AVAILABLE DATA:
▽
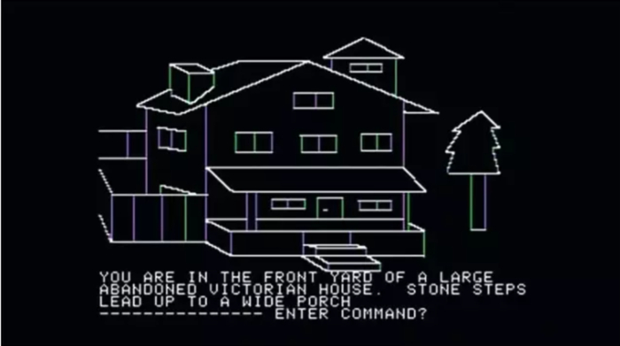 他首先梳理出游戏中最早的树的形象——一个出现在《神秘屋》(Mystery House, 1980)中,用锯齿状线条画出的巨型红杉;
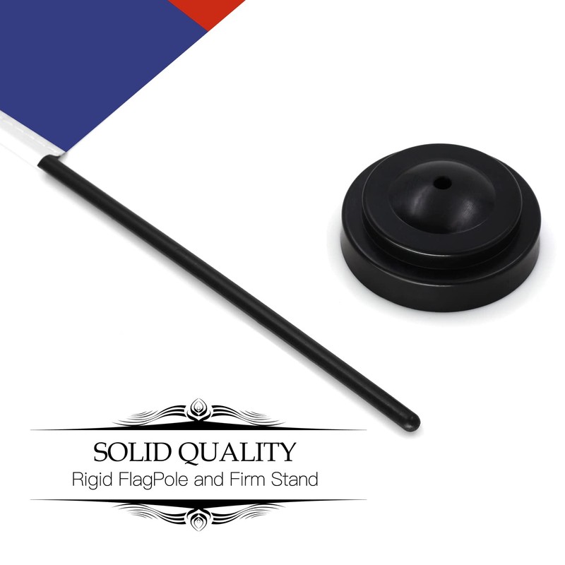 • Stronger than others - Flag measures 6 x 4 inches and is attached to 12 inches black solid flagpole and a black base. One flag set per pack.
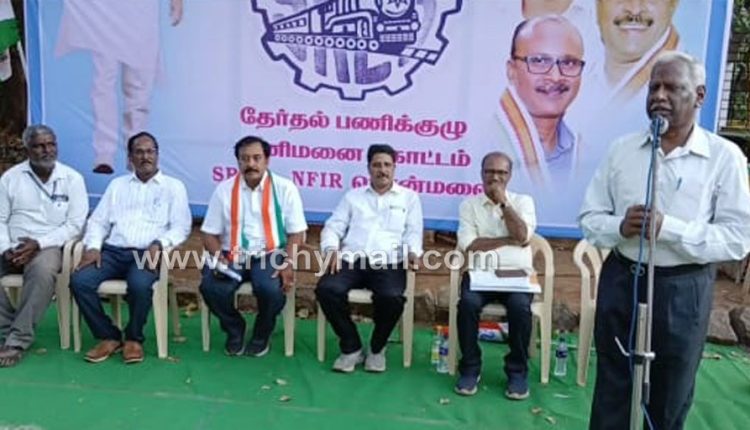 தென்னக ரயில்வே தொழிலாளர் சங்கத்தின் வாயிற் கூட்டம் திருச்சி பொன்மலை ஆர்மெரி கேட் முன்பாக இன்று நடைபெற்றது
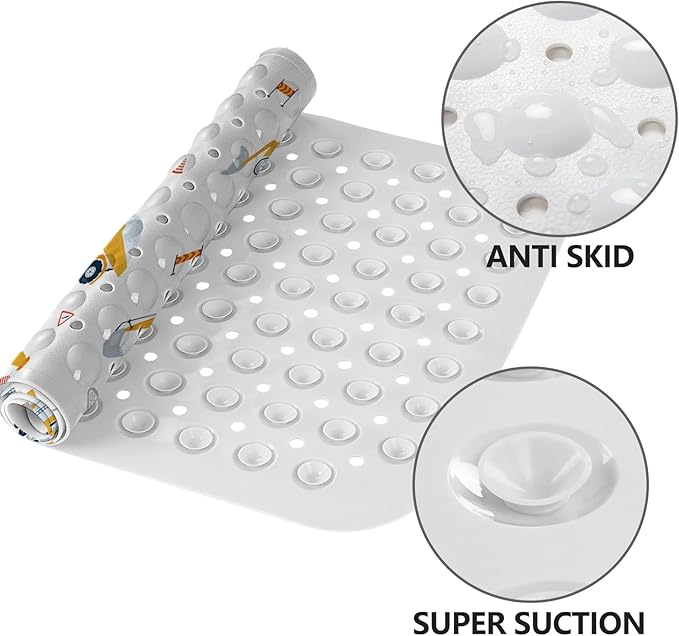 - [Kids Bathtub Mat]: The kids bathtub mat is 40 x 16 inches, which covers the full bathtub for more safety. Multiple uses, this kids bathtub mat can be used as a kids shower mat
△
WORK ITEM: Word for word and without any pictures, return all of the lines above.

TASK SOLUTION:
 他首先梳理出游戏中最早的树的形象——一个出现在《神秘屋》(Mystery House, 1980)中,用锯齿状线条画出的巨型红杉;
 • Stronger than others - Flag measures 6 x 4 inches and is attached to 12 inches black solid flagpole and a black base. One flag set per pack.
 தென்னக ரயில்வே தொழிலாளர் சங்கத்தின் வாயிற் கூட்டம் திருச்சி பொன்மலை ஆர்மெரி கேட் முன்பாக இன்று நடைபெற்றது
 - [Kids Bathtub Mat]: The kids bathtub mat is 40 x 16 inches, which covers the full bathtub for more safety. Multiple uses, this kids bathtub mat can be used as a kids shower mat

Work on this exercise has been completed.